*Caitlin Lees is a member of the Canadian Society of Palliative Care Physicians and the Canadian Association of MAID Assessors and Providers. Julie Campbell is board member of the Canadian Association of MAID Assessors and Providers and a member of the clinical advisory committee for Dying with Dignity Canada.
All articles published in DPG Open Access journals
This article is distributed under the terms of the Creative Commons Attribution-NonCommercial 4.0 International (CC BY-NC 4.0)(https://creativecommons.org/licenses/by-nc/4.0/).
Dear Dr. Douketis,
Drs. Whitelaw and colleagues have unfortunately misrepresented statistics from the First Annual Report on Medical Assistance in Dying in Canada.1 The most cited reasons for intolerable suffering resulting in a request for MAID are loss of ability to engage in meaningful life activities (82.1%) and to perform activities of daily living (78.1%), not, as noted in the text, inadequate pain or symptom control.1
Further, the authors indicate that 10.2% of patients were without disability supports. In fact, of those who required disability supports, just 3.9% did not receive them, with 6.3% listed as ‘unknown.’1 It appears the authors may have conflated missing with known data to strengthen their argument.

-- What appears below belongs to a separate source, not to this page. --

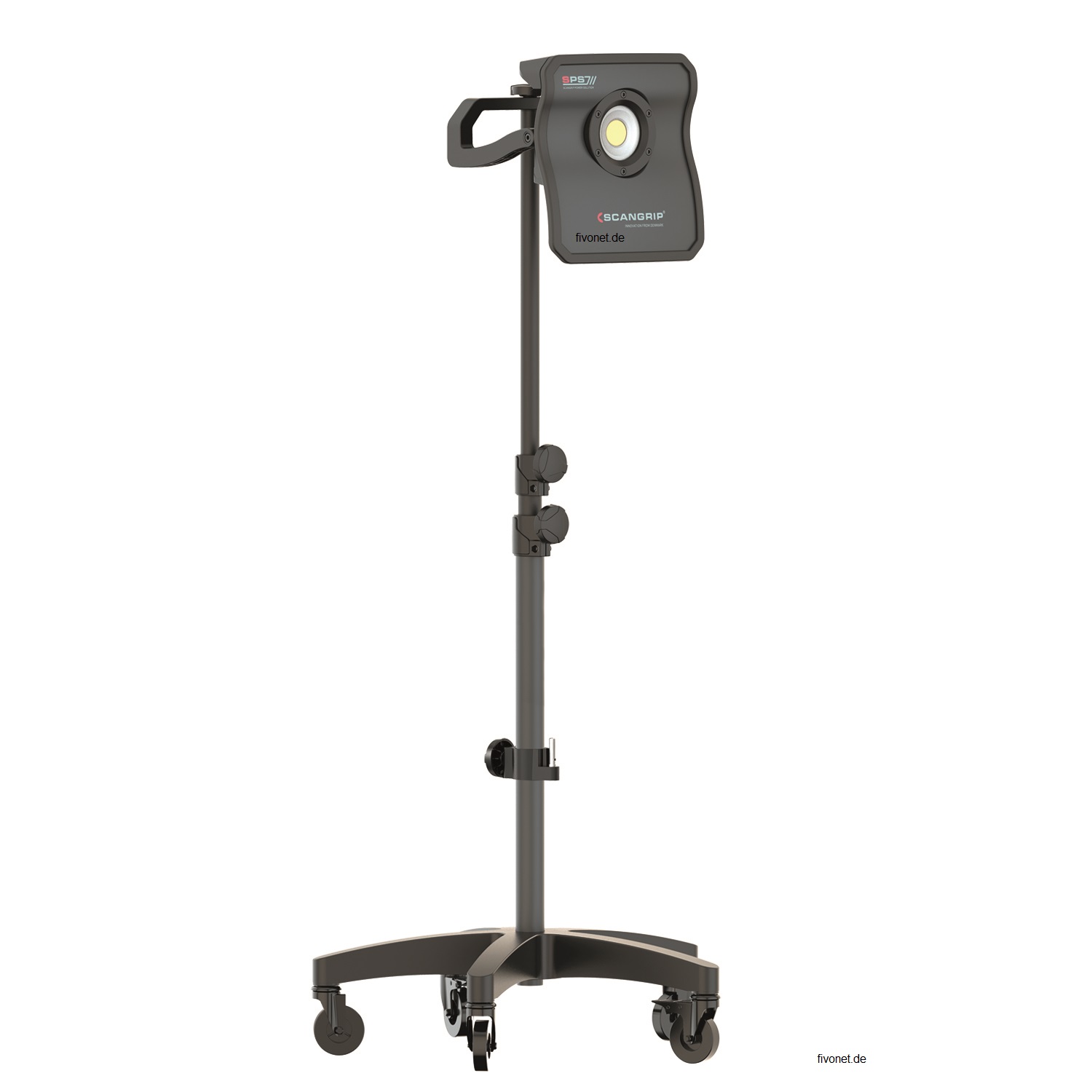 Scangrip Rollstativ in verbesserter Ausführung jetzt mit 5 Rädern. Das fahrbare Stativ ist von 0,9 - 1,9 Meter verstellbar und lässt sich hervorragend bewegen. 2 der 5 Räder sind feststellbar. Die Stativrohre bestehen aus kräftigem, pulverbeschichtetem Stahl, das Unterteil ist aus einem stabilen Kunststoff hergestellt. Der Aufbau beansprucht ca. 3 Minuten und geht relativ einfach. Zuerst die 5 Räder in das Sternunterteil stecken. Anschließend das stärkste Rohr mit dem Konus nach unten einstecken. Jetzt die neu entwickelte Halterung, welche zur Aufnahme einer weiteren Arbeitsleuchte im unteren Bereich gedacht ist, aufstecken. Danach die beiden Rohre mit den Klemmhaltern nach unten zusammenfügen und diese jeweils mit einem 5mm Sechskantschlüssel (nicht im Lieferumfang enthalten) fest ziehen, fertig. Jetzt einfach das oberste Feststellrad heraus drehen, den Doppelbeschlag mit den Handrädern nach unten zeigend aufsetzen und festschrauben, Bügel der Lampen 90° aufklappen und von unten an den Halter schrauben. Das Stativ kann nach Bedarf natürlich auch mit einer NOVA verwendet werden, hierbei wird der Doppelbeschlag nicht benötigt, die Leuchte wird dann direkt auf das Stativ montiert. Die Arbeitsleuchte kann bei Bedarf im unteren Bereich einfach mit dem Bügel auf die Halterung gesetzt werden. Abschließend noch die jeweilige Höhe für die Beleuchtung einstellen, nun kann optimale Leistung bei optimalen Lichtverhältnissen erzielt werden. fivonet.deText

Lastly, statistics regarding palliative care were inaccurate. It is not 16% of people who received palliative care for the first time less than two weeks before they chose to die, but 19.3%. Likewise, it is not 18% of patients who did not receive any palliative care prior to receiving MAID, but 16.2%. Importantly, of those 16.2%, 89.6% of them had access to palliative care but chose not to engage with the service.1 This last omitted statistic is certainly in keeping with our clinical experience, which is that some patients who opt for MAID are either already receiving excellent primary palliative care from a family physician or other healthcare provider, or simply have no interest in the service as MAID is their preferred mode of death.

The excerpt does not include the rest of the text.